# Finding an Optimal Number of Clusters With Elbow Method

**Introduction**

Different clustering algorithms like **K-Means** or **Hierarchical**, require the number of clusters at first but finding out the best number for clustering is a bit headache. You can run your algorithm to cluster the points you have, but you will have to guess how many clusters you want to get or how many clusters there are separable into. It's easy when you have **2D points**. You can visualize them and find out how many clusters you can take. Here what you will see.

By looking at this image, you can assume **3 is the optimal number of clusters**, **but what if your points are not from 2D?** How can you find out which number is a good choice for clustering? It turns out there is a way for finding out an optimal number for those clustering algorithms, who require the number of clusters at first. So what is the way?

**Clustering Metrics**

Before describing the method for finding out the optimal number of clusters, let's define some metrics, which we are going to be using in the algorithm.
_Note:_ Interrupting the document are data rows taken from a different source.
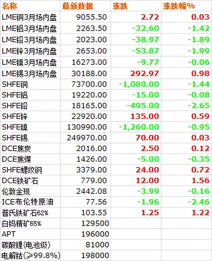 8月2日,LME六种基本金属价格跌多涨少,锡小幅上涨,铜几乎持平,锌领跌。三月期铜价收于9055.5美元/吨,上涨0.03%。三月期铝价收于2263.5美元/吨,下跌1.42%。三月期铅价收于2023美元/吨,下跌1.89%。三月期锌价收于2653美元/吨,下跌1.99%。三月期锡价收于30188美元/吨,上涨0.98%。三月期镍价收于16273美元/吨,下跌0.06%。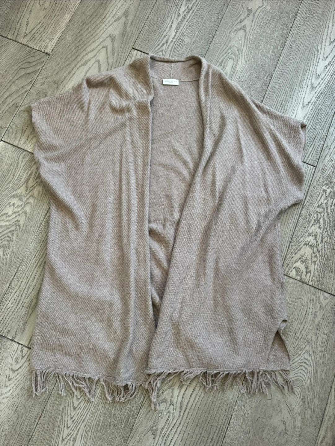 features a relaxed fit and delicate fringe detailing at the hem. This versatile piece is perfect for layering and adds a touch of elegance to any outfit.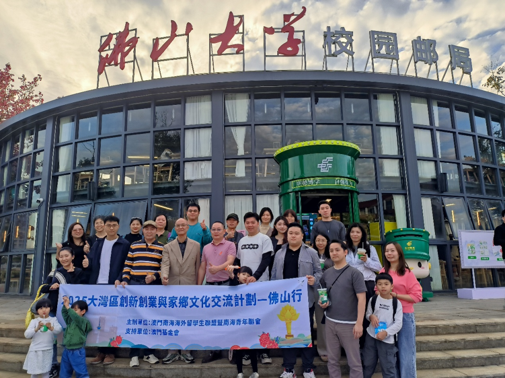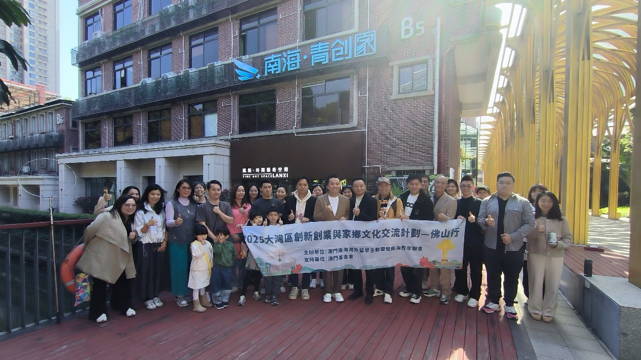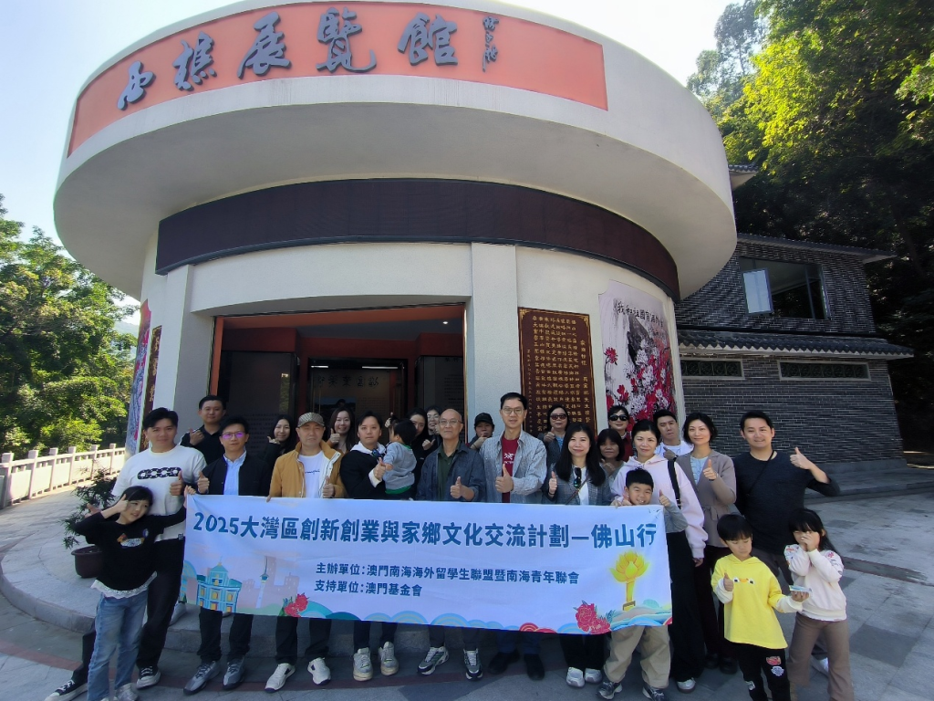 【環球新聞報訊】澳門南海海外留學生聯盟暨南海青年聯會(以下簡稱「南青會」)十一月廿二至廿三日組織三十名會員開展「2025大灣區創新創業與家鄉文化交流計劃–佛山行」,活動聚焦「創新創業、民生合作、家鄉文化、愛國教育」四大主題,深化兩地互動,凝聚發展動力,並提升對家鄉文化及國家建設的認同感。交流團由澳門南海沙頭同鄉會副會長崔家鴻、澳門南海大瀝同鄉聯誼會副理事長唐紹燊任名譽團長,南青會會長李建煒任團長,南青會常務副會長馮文滔、財務長李啟昇任副團長。活動獲澳門基金會贊助部分經費。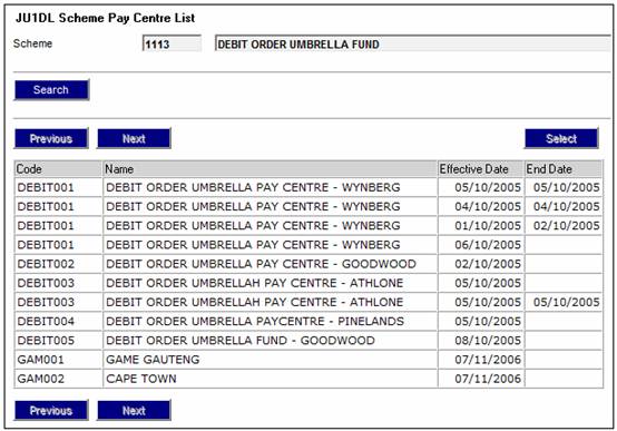 The JU1DL Scheme Pay Centre List screen will be displayed.
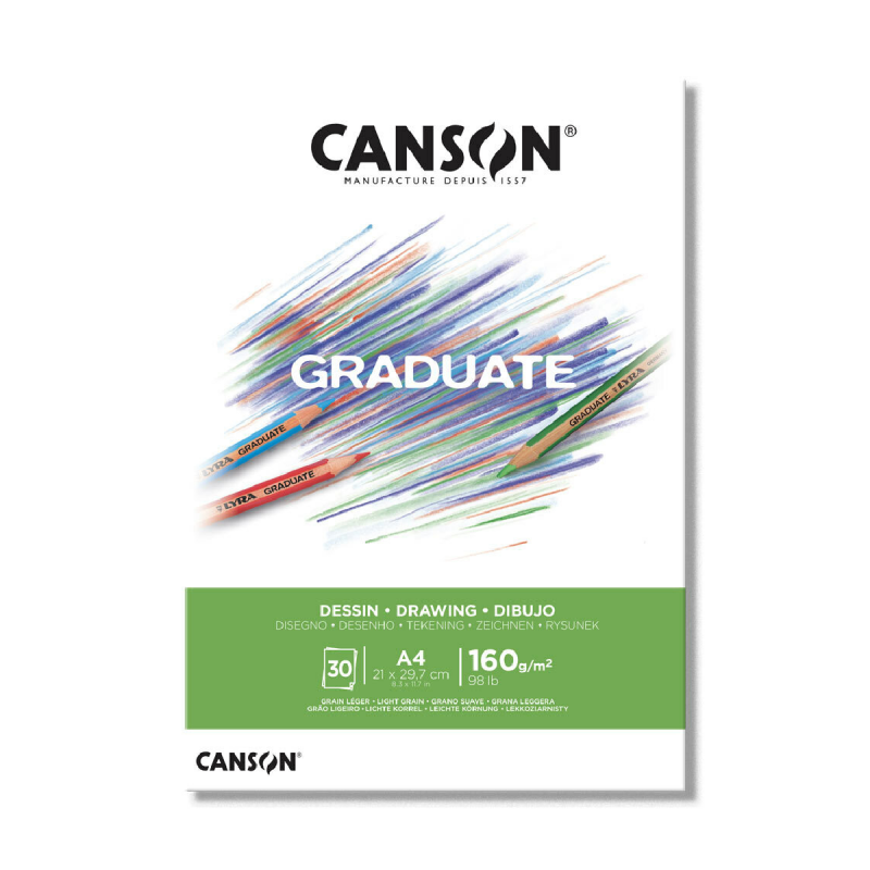 (0341) 387-3329Los blocs Canson Graduate Dessin ofrecen un papel de dibujo blanco, resistente y de grano ligero. Su superficie resiste al borrado repetido sin llegar a raspar. ¡Estos blocs están compuestos por 30 hojas y son ideales para dibujar y obtener una creación con colores vibrantes!

Let's assume we've already run a clustering algorithm with a certain number of clusters and we know the exact cluster for all points. We can define some metric functions for them.

**Cost Function**

First, we need to find the centers of every cluster, which we call centroids, after finding them, we need to compute the distance between the centroids and all points in that cluster and take the mean of them.

The cost function depends on the points and the centroids of every cluster. We need to minimize this function, cause the minimum mean distance between points and their centroids is the situation we are looking for.

**Radius Function**

As we've already defined centroids for every cluster, we can use them to define another metric, which is called a **radius**. Instead of taking the mean distance between the points and their centroids, we can take the maximum distance between them, inside every cluster. Like we are trying to find the point, which has far away from the centroids more than other points inside of the same cluster.

**Diameter Function**

It's almost the same function as radius, but it computes maximum distance not between the points and their centroids, or between all points inside of the cluster. In other words, it tries to find 2 points of the same cluster that have the maximum distance and takes that distance.

**Variation Function**

Instead of taking the maximum distance between the points or between the points and their centroids, we can take the variation of each cluster. If you take a look at the cost function, it is almost the variation function, we just need to take the same cost function and put it in the **square root**.
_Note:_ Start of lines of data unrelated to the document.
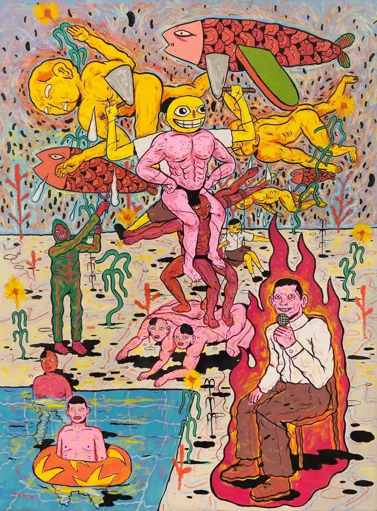Through the works, the artist explores their experiences of coming to terms with adulthood, their process of understanding and accepting childhood trauma, navigating feelings of alienation and paranoia, and struggles with gender identity.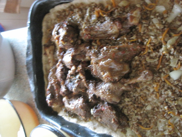 Чудесный пирог с гусем и гречкойзакрываем тестом,и в духовку.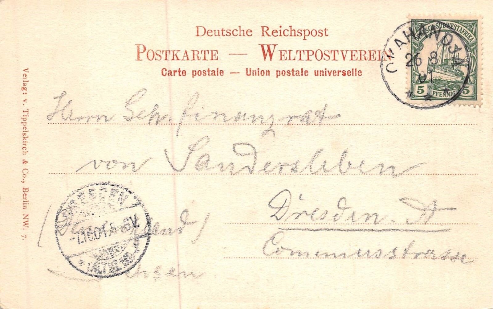 DSWA Deutsch-Südwest-Afrika AK Eisenbahn-Station Swakopmund gelaufen Okahandja 1901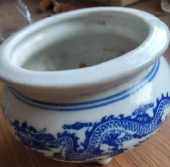 青花龙纹三足瓷炉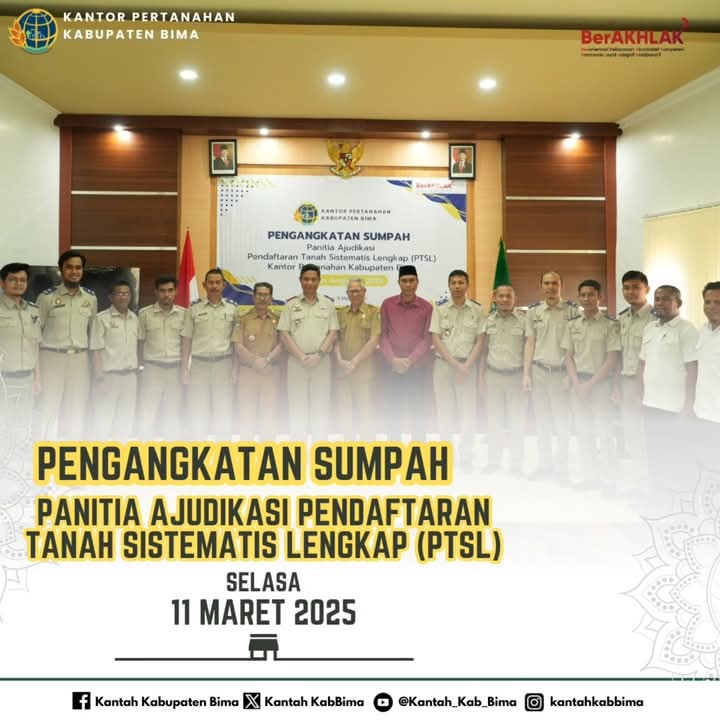 KeizalinNews-com – Kabupaten Bima. Dalam upaya mempercepat Program Pendaftaran Tanah Sistematis Lengkap (PTSL), Kepala Kantor Pertanahan Kabupaten Bima Lalu Makhyaril Huda, S.ST., MH melaksanakan pengambilan sumpah terhadap Panitia Ajudikasi Pendaftaran Tanah Sistematis Lengkap Tahun 2025 Bertempat Di Aula Adhi guna Kantor Pertanahan kabupaten Bima, Selasa 11 Maret 2025.
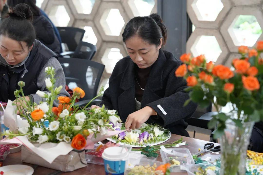 花绘心声,在艺术创作中治愈自我。活动的高潮,落在专为女职工打造的“鲜花曼陀罗”沉浸式艺术疗愈环节。在专业导师的细致引导下,女职工们以鲜花为语、以色彩为桥,随心挑选钟爱的花材、自由勾勒心仪的构图,借助曼陀罗圆满的圆形结构与对称美学,自然进入专注安定的正念冥想状态。那些潜藏心底的情绪、难以言说的压力、无处安放的困惑,都在这温柔的非语言艺术创作中自然流淌、温柔释放;在一花一叶的精心排布中,大家完成了情绪的正向转化与内在秩序的重构整合。宁静温暖的现场,每一幅作品都是女职工们独有的心灵独白,每一次创作都是与自我的深度对话。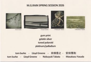 launched on 14 March 2015 with main focus on "Recurrence to The Basics of Photograph". M.G.RAIN mainly carries on monochrome works of contemporary artists with classical method : Platinum Print / Carbon Print / Salted Paper / Cyanotype / Vandyke Print / Kallitype / Daguerréotype / Wetplate Collodion / Gum Print / Gelatin Silver Print / Photogram / Pinhole / Photogravure etc.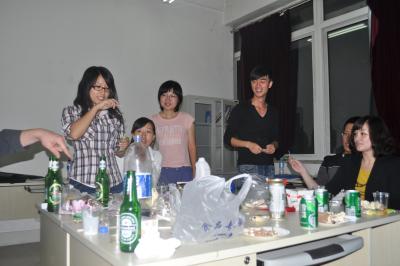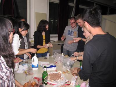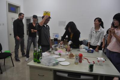 ...Unter "Party" verstehen die Chinesen wie wir inzwischen gelernt haben Essen gehen und Spiele spielen. Unser chinesische Freund war als er auf der Überraschungsparty ankam total gerüht und musste zu unserer Verwunderung fast weinen. Angeblich habe er so seinen Geburtstag noch nie gefeiert. Hier der Geburtstagstisch mit Geburtstagskuchen. Von uns gab es ein typisch deutsches Bier mit passendem Glas und deutsche Süßigkeiten...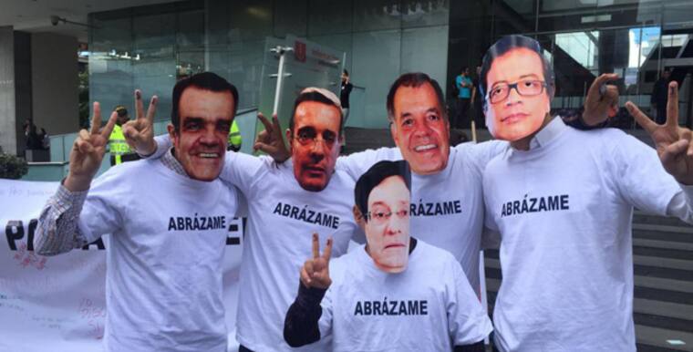 Por obra y gracia de unas máscaras, consiguieron que personajes renuentes abrazaran a sus detractores, se arrimaran, como diría Serpa. Las caretas correspondían a personajes de la talla de Óscar Iván Zuluaga, Francisco Santos, Alejandro Ordoñez y Gustavo Petro.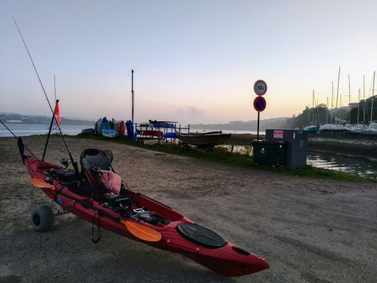 On this Monday, October 13, the kayak took to the water. As it's still a bit windy, I switched the float to a motor version. This kayak can be fitted with a variety of propulsion systems. A pedal propeller, a stepper (with blades) or a steppe well motor. So it was in this version that I rigged my kayak for this session.

As we defined a couple of metric functions, it's clear that we need to minimize all these metrics during our clustering, in other words, **finding the best choice for the number of clusters is the minimum point for all of these metrics**.
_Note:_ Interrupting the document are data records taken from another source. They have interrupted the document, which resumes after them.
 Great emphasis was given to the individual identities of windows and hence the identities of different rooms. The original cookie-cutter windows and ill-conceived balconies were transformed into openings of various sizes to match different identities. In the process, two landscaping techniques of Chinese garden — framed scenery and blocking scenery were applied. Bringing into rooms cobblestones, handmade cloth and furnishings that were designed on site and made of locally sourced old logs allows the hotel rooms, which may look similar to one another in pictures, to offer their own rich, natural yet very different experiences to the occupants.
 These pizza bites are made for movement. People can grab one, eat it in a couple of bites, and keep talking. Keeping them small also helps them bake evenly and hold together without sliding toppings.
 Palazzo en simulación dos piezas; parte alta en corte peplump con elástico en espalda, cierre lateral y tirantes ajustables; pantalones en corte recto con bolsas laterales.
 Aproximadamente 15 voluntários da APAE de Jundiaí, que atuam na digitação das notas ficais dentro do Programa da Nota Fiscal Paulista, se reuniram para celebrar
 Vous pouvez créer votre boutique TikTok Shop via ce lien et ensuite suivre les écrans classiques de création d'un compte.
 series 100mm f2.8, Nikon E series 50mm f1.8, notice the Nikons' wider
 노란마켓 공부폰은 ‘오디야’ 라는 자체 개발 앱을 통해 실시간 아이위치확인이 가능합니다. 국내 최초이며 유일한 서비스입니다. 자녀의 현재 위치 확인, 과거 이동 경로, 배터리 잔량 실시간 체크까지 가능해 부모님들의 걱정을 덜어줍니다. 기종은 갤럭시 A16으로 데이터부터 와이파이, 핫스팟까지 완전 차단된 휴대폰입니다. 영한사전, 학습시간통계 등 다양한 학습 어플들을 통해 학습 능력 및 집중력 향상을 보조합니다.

Now let's take a look at the Elbow method, which finds the optimal number of clusters using one of these metric functions, or any combination of them.

**Elbow Method**

This method is simple. You just need to run your clustering algorithm multiple times with a different number of clusters and use any metric function we described above. Here how it looks like

**First, you need to choose your metric function****Then run the clustering algorithm for k = {1, 2, 3, ... n}****Collect and plot all values of the metric function for every k**

Now let's see the curve

**The best value for the number of clusters is the place, where the curve breaks.**

It's the value that is circled with a red color. 3 is the optimal choice for the clustering algorithm. You can use this method not only for K-Means or Hierarchical clustering algorithms, but you can also use this for others, who require the number of clusters at first.

One more thing, the Elbow curve is going down as you increase the number of clusters. If you remember how we described metric functions, it will be clear that by increasing the number of clusters, we will decrease the Elbow curve.

For instance, you can take the number of clusters N, which is the number of points we've got, and all metrics will be 0.